ThatPlayer|5 months ago

> behemoth 100B+ parameter models, but to run those I would need to invest much more into this hobby than I'm willing to do.

Have you tried newer MoE models with llama.cpp's recent '--n-cpu-moe' option to offload MoE layers to the CPU? I can run gpt-oss-120b (5.1B active) on my 4080 and get a usable ~20 tk/s. Had to upgrade my system RAM, but that's easier. https://github.com/ggml-org/llama.cpp/discussions/15396 has a bit on getting that running

mycall|5 months ago

> 20-30 tk/s

or ~2.2M tk/day.

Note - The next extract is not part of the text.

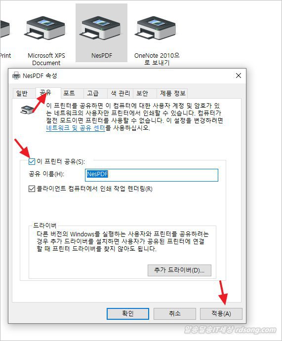공유할 프린터 nespdf란 프린터를 공유 해 봅니다,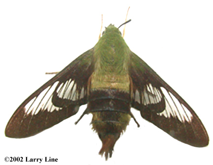 The 2002 (M) image was taken during the period of July 19th to August 3rd @ H. The 2004 image was taken July 21st. The 2005 image was taken August 3rd. The adults hover at various nectar producing flowers such as Honeysuckle, Impatients, Budlea.

This is how we should be thinking about it imho.

NicoJuicy|5 months ago

If you have a 24 gb 3090. Try out qwen:30b-a3b-instruct-2507-q4_K_M ( ollama )

It's pretty good.

naabb|5 months ago

tbf I also run that on a 16GB 5070TI at 25T/S, it's amazing how fast it runs on consumer grade hardware. I think you could push up to a bigger model but I don't know enough about local llama.

jszymborski|5 months ago

Don't need a 3090, it runs really fast on an RTX 2080 too.

nenenejej|5 months ago

Graphics cards are so expensive (list price) they are cheap (no depreciation liquid market)

Our_Benefactors|5 months ago

Did you really claim GPUs have zero depreciation? That’s obviously false.